The static nature of the policy provided a thread of continuity and uniformity over time and space and the basis for innumerable precedent-setting practices. As courts all over the world, but especially in England, interpreted the wordings, there was a continually-mounting opposition to change. To cast off the wordings would be to cast off as well all the jurisprudence.
The SG form was probably the one commercial document with the longest and widest history.
Eventually, the elegant and time-honored wordings of the SG form came under attack. With the tremendous evolution of the English language, the archaic form began to be looked at as a barrier to effective business communications. Many felt that insurance contracts should be readily understood by the buying public and that it should not be necessary to go to a law library to look up what policy terms and conditions mean.
Finally, in 1982, the Institute of London Underwriters and Lloyds Underwriters Association, prodded by the UNCTAD (United Nations Conference on Trade and Development), introduced a new policy form and cargo clauses.

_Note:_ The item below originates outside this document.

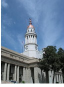
قطاع خدمة المجتمع و تنمية البيئة كلية طب _ قصر العينى

Experts agree that the new wordings are more easily understood while the scope of coverage remains substantially the same. Easily understandable, yes, but, at the same time, deadly dull. The clause now reads: This insurance covers all risks of loss of or damage to the subject matter insured except as provided in Clauses 4, 5, 6 and 7 below . . . general average and salvage charges, adjusted or determined according to the contract of affreightment and/or the governing law or practice, incurred to avoid or in connection with the avoidance of loss from any cause – need we go on?
Tabbed as the companies’ Marine Policies (MAR), the forms were quickly accepted worldwide. In the Philippines, the Insurance Commission readily approved the new wordings and are now used by all companies.